We now have two equations involving N, E and T, and we can eliminate E between them and so find N in terms of T:
32.4637(372.5381N+34.5140E+233.7828T) +
34.5140(1.9795N-32.4637E+32.0059T)=32.4637*254.0338+34.5140*71.6253,
12162.2997N+8694.1124T=10718.9626, 12162.2997N=10718.9626-8694.1124T,
N=0.8813-0.7148T.
If we substitute this value of N in 1.9795N-32.4637E+32.0059T=71.6253, we can find E in terms of T:
1.9795(0.8813-0.7148T)-32.4637E+32.0059T=71.6253;
1.7445-1.4149T-32.4637E+32.0059T=71.6253
-32.4637E+30.5910T=69.8808;
E=(30.5910T-69.8808)/32.4637, E=0.9423T-2.1526.
Substituting for E and N we can find M then A: using the CP requirement equation:
11.2883N+7.3366E-27.2890M+2.2094T=2.5974
11.2883(0.8813-0.7148T)+7.3366(0.9423T-2.1526)-27.2890M+2.2094T=2.5974,
9.9484-8.0689T+6.9133T-15.7928-27.2890M+2.2094T=2.5974,
1.0538T-27.2890M=8.4418, M=(1.0538T-8.4418)/27.2890=0.0386T-0.3093.

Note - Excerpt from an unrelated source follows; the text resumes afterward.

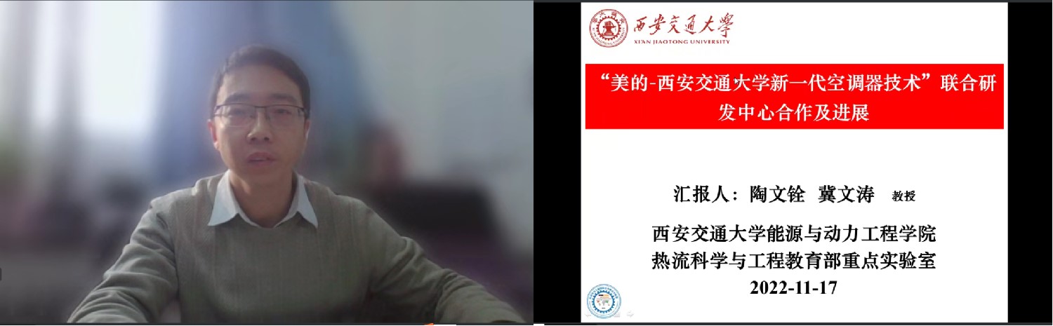 能动学院热流科学与工程系冀文涛教授代表陶文铨院士介绍了 “美的-西安交通大学新一代空调器技术”联合研发中心合作历程及进展,围绕家用空调、商用多联机等领域,布局家电合信技术和未来技术新方向。

We now have N, E and M in terms of T. We can find A from A=1-(N+E+M+T):
A=1-(0.8813-0.7148T+0.9423T-2.1526+0.0386T-0.3093+T)=2.5806-1.2661T.
All the ingredients have now been found in terms of T (wheat). These values are based on equality in the ingredient equations.
Summary
N=0.8813-0.7148T, E=0.9423T-2.1526, M=0.0386T-0.3093, A=2.5806-1.2661T.
These are all supposed to be positive fractions<1, and clearly they are not! This implies that the exact amounts required in the mix cannot be achieved. I've checked the arithmetic and logic fully and I can find no errors, so it does not appear to be possible to mix the desired quantities of the essential ingredients. It may be possible to get the right quantity of one particular ingredient at the expense of the others, or with an excess of at least one of the other ingredients. An excess could be as undesirable as a deficiency.